** Opening DATA SECTION block **
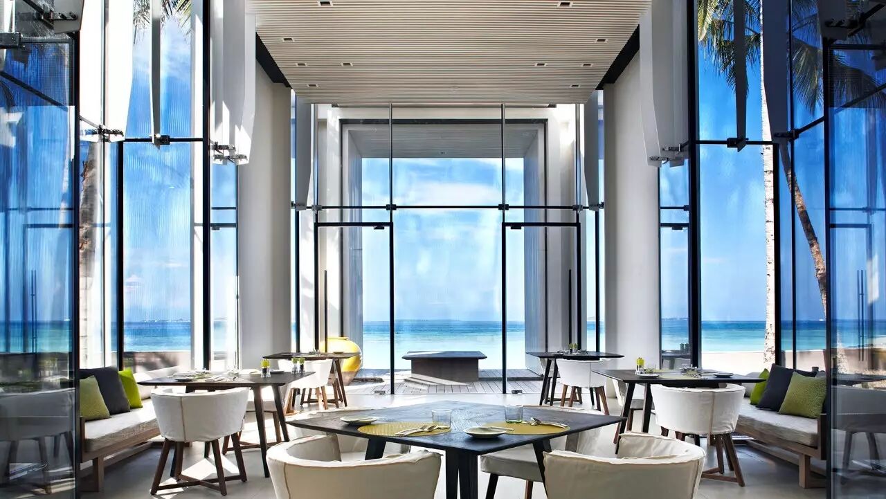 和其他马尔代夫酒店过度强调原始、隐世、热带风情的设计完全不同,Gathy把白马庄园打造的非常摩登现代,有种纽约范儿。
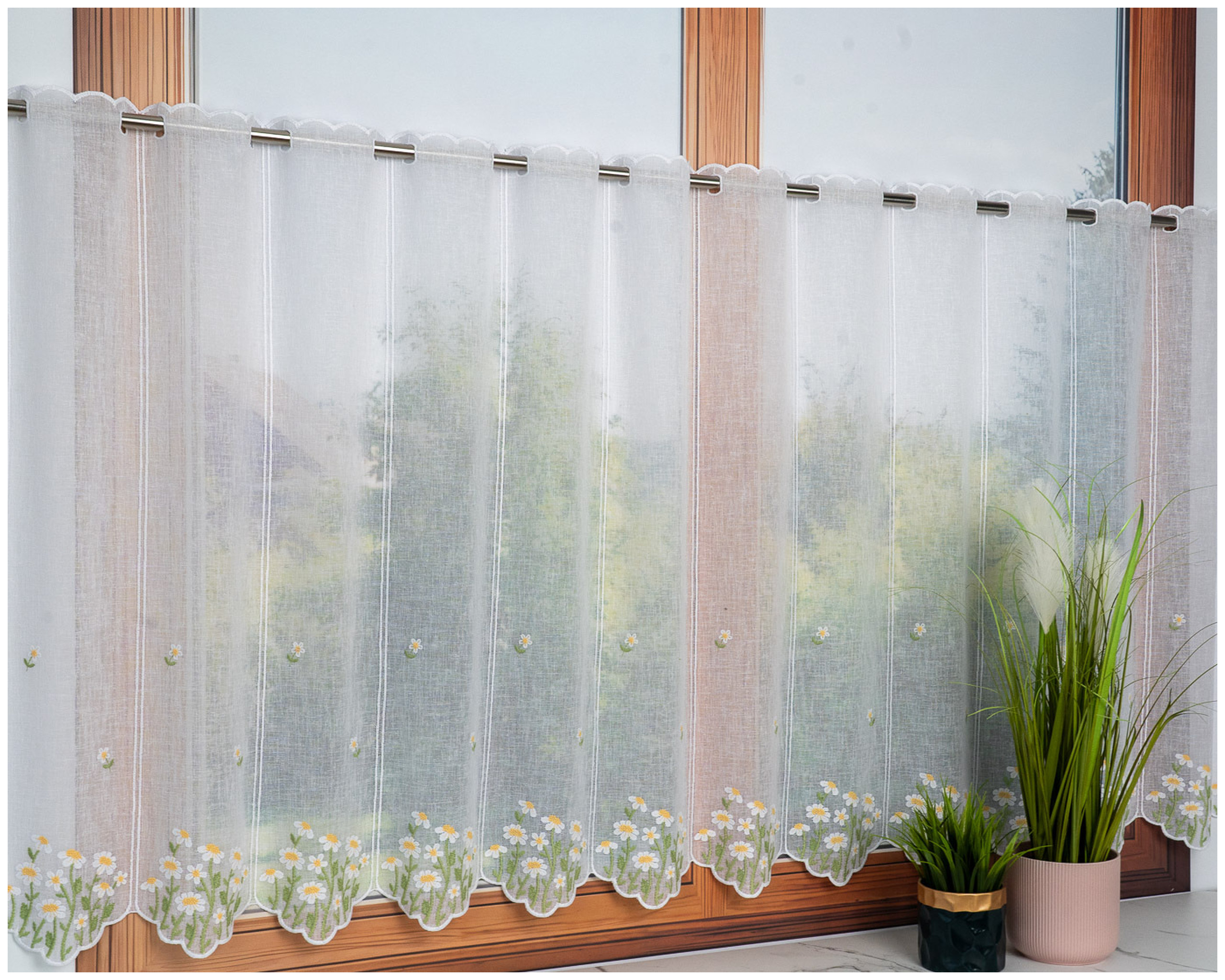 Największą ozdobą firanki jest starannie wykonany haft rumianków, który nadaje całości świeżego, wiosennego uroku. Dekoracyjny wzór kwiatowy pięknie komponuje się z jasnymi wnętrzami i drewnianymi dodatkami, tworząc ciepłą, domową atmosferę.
** Closing DATA SECTION block **
** Opening DATA SECTION block **
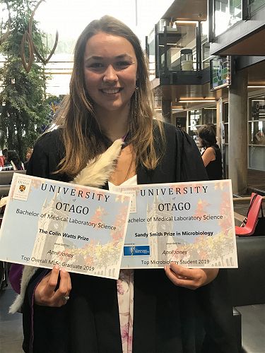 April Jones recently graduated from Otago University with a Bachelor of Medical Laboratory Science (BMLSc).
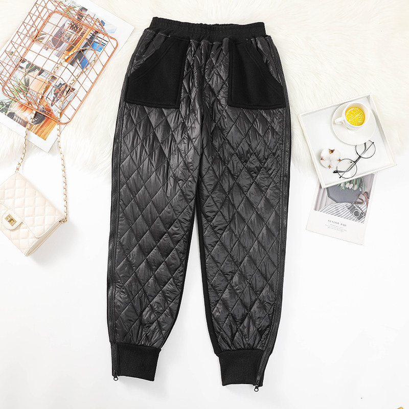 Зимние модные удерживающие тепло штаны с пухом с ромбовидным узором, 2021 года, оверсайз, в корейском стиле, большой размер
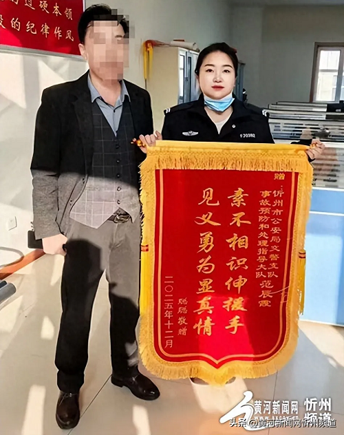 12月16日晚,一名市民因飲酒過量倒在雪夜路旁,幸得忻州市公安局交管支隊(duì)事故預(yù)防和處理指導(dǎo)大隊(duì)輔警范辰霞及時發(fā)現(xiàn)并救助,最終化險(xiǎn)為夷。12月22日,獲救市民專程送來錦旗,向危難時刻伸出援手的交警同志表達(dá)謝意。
** Closing DATA SECTION block **
• **WORK INSTRUCTION**
In the data above, find the line with "和其他马尔代夫酒店过度强调原" and the line with "Największą ozdobą firanki". Please copy exactly those two lines and every line between them, but not the pictures.

• **YOUR RESPONSE**
 和其他马尔代夫酒店过度强调原始、隐世、热带风情的设计完全不同,Gathy把白马庄园打造的非常摩登现代,有种纽约范儿。
 Największą ozdobą firanki jest starannie wykonany haft rumianków, który nadaje całości świeżego, wiosennego uroku. Dekoracyjny wzór kwiatowy pięknie komponuje się z jasnymi wnętrzami i drewnianymi dodatkami, tworząc ciepłą, domową atmosferę.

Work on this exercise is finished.